Blood Flow Restriction Therapy Impact on Musculoskeletal Strength and Mass.

作者信息

Dayton Steven R, Padanilam Simon J, Sylvester Tyler C, Boctor Michael J, Tjong Vehniah K

机构信息

Feinberg School of Medicine, Northwestern University, Chicago, Illinois, USA.

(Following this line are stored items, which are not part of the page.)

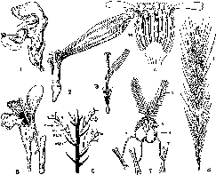 Стебель, лежащий горизонтально на земле и поднимающийся -которой своей частью, называется приподнимающимся, или восходящим. Слабые стебли, стелющиеся по земле, называются усами, или плетьми (рис. 1, фиг. 3), или ползучими стеблями.
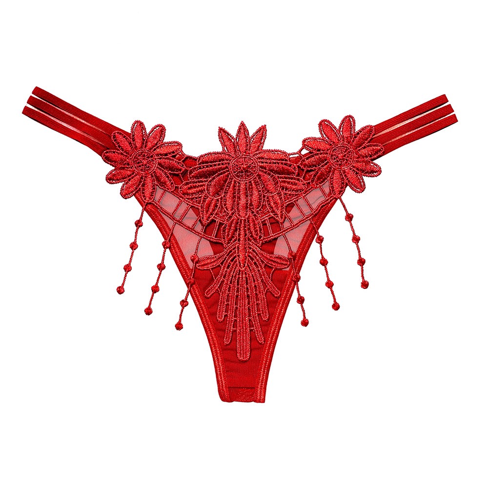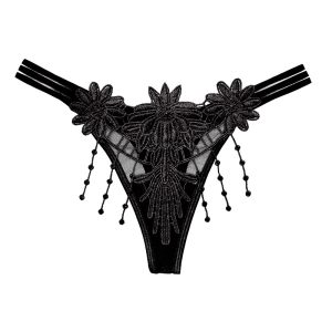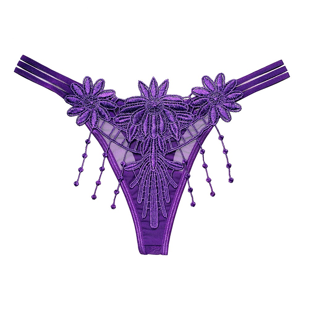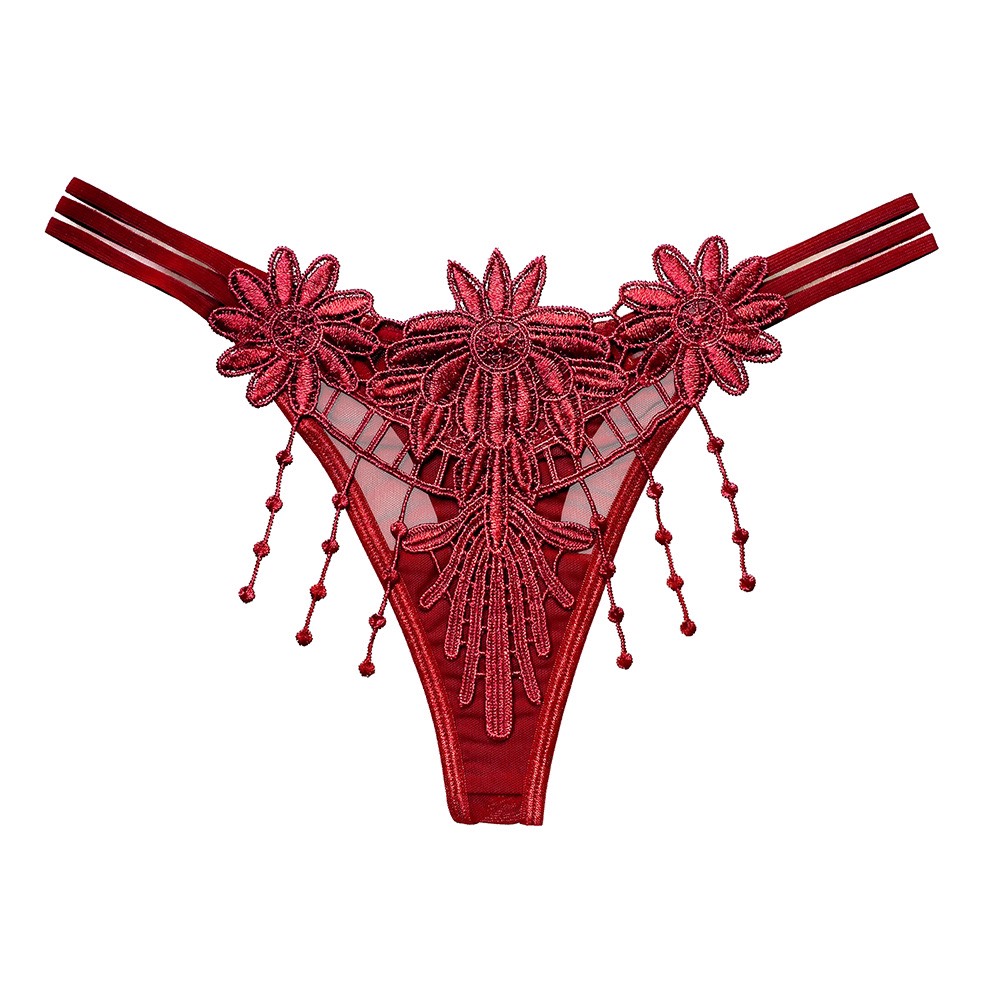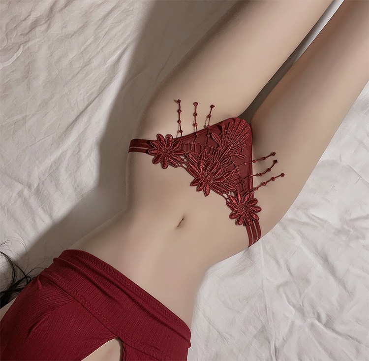 Quần lót ren hoạ tiết bông hoa phối dây kiểu dáng gợi cảm. Màu sắc: đen, đỏ, tím.
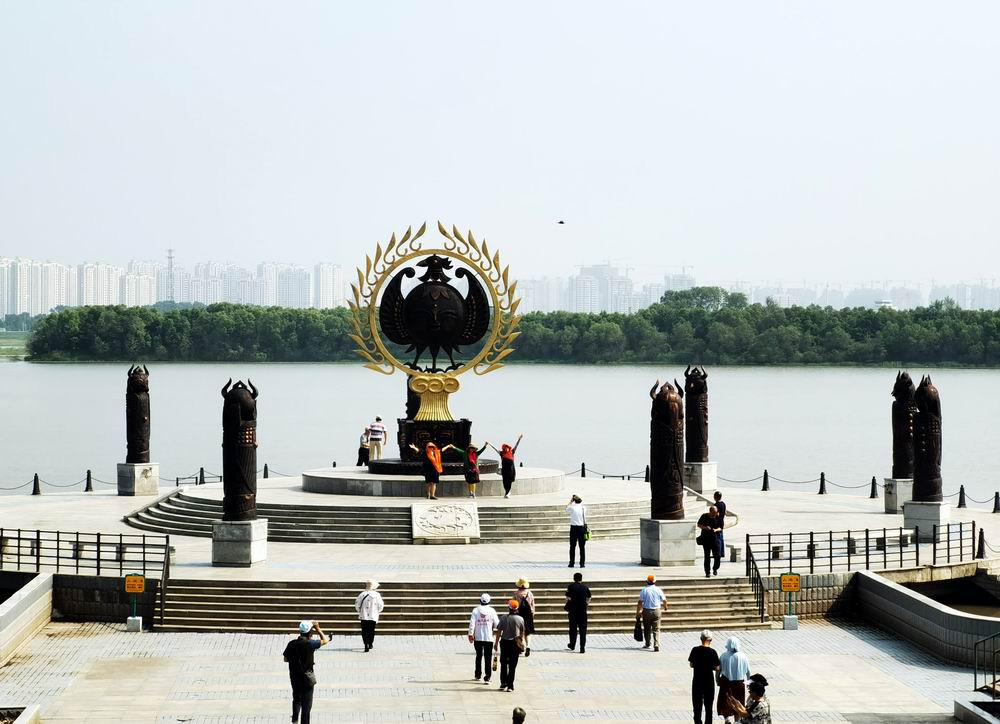 浴日台上当中的一个为现在天上的太阳,周围的九根立柱意为后羿射下来的九个太阳。游人可在观景台上凭湖临风,极目远眺,感受太阳岛风景区“广漠、大气、壮观”的自然风光。

Northwestern University, Evanston, Illinois, USA.

出版信息

Video J Sports Med. 2021 Oct 26;1(5):26350254211032681. doi: 10.1177/26350254211032681. eCollection 2021 Sep-Oct.

Abstract

BACKGROUND

Blood flow restriction (BFR) training restricts arterial inflow and venous outflow from the extremity and can produce gains in muscle strength at low loads. Low-load training reduces joint stress and decreases cardiovascular risk when compared with high-load training, thus making BFR an excellent option for many patients requiring rehabilitation.

INDICATIONS

Blood flow restriction has shown clinical benefit in a variety of patient populations including healthy patients as well as those with osteoarthritis, anterior cruciate ligament reconstruction, polymyositis/dermatomyositis, and Achilles tendon rupture.

TECHNIQUE DESCRIPTION

This video demonstrates BFR training in 3 clinical areas: upper extremity resistance training, lower extremity resistance training, and low-intensity cycling. All applications of BFR first require determination of total occlusion pressure. Upper extremity training requires inflating the tourniquet to 50% of total occlusion pressure, while lower extremity exercises use 80% of total occlusion pressure. Low-load resistance training exercises follow a specific repetition scheme: 30 reps followed by a 30-second rest and then 3 sets of 15 reps with 30-seconds rest between each. During cycle training, 80% total occlusion pressure is used as the patient cycles for 15 minutes without rest.

RESULTS

Augmenting low-load resistance training with BFR increases muscle strength when compared with low-load resistance alone. In addition, low-load BFR has demonstrated an increase in muscle mass greater than low-load training alone and equivalent to high-load training absent BFR. A systematic review determined the safety of low-load training with BFR is comparable to traditional high-intensity resistance training. The most common adverse effects include exercise intolerance, discomfort, and dull pain which are also frequent in patients undergoing traditional resistance training. Severe adverse effects including deep vein thrombosis, pulmonary embolism, and rhabdomyolysis are exceedingly rare, less than 0.006% according to a national survey. Patients undergoing BFR rehabilitation experience less perceived exertion and demonstrate decreased pain scores compared with high-load resistance training.

CONCLUSION

Blood flow restriction training is an effective alternative to high-load resistance training for patients requiring musculoskeletal rehabilitation for multiple disease processes as well as in the perioperative setting. Blood flow restriction has been shown to be a safe training modality when managed by properly trained physical therapists and athletic trainers.

摘要

背景

血流限制(BFR)训练可限制肢体的动脉流入和静脉流出,并能在低负荷下增强肌肉力量。与高负荷训练相比,低负荷训练可减轻关节压力并降低心血管风险,因此使BFR成为许多需要康复治疗的患者的理想选择。

适应症

血流限制已在多种患者群体中显示出临床益处,包括健康患者以及骨关节炎、前交叉韧带重建、多发性肌炎/皮肌炎和跟腱断裂患者。

技术描述

本视频展示了BFR训练在3个临床领域的应用:上肢阻力训练、下肢阻力训练和低强度骑行。BFR的所有应用首先都需要确定完全闭塞压力。上肢训练需要将止血带充气至完全闭塞压力的50%,而下肢运动则使用完全闭塞压力的80%。低负荷阻力训练练习遵循特定的重复方案:30次重复,然后休息30秒,然后进行3组,每组15次重复,每组之间休息30秒。在循环训练期间,患者在不休息的情况下骑行15分钟时使用完全闭塞压力的80%。

结果

与单独的低负荷阻力训练相比,用BFR增强低负荷阻力训练可增加肌肉力量。此外,低负荷BFR已证明肌肉质量的增加大于单独的低负荷训练,且等同于无BFR的高负荷训练。一项系统评价确定,低负荷BFR训练的安全性与传统高强度阻力训练相当。最常见的不良反应包括运动不耐受、不适和钝痛,这些在接受传统阻力训练的患者中也很常见。严重不良反应包括深静脉血栓形成、肺栓塞和横纹肌溶解极为罕见,根据一项全国性调查,发生率低于0.006%。与高负荷阻力训练相比,接受BFR康复治疗的患者感觉用力程度较低,疼痛评分也较低。

结论

对于因多种疾病过程需要进行肌肉骨骼康复的患者以及围手术期患者,血流限制训练是高负荷阻力训练的有效替代方法。当由经过适当培训的物理治疗师和运动训练师管理时,血流限制已被证明是一种安全的训练方式。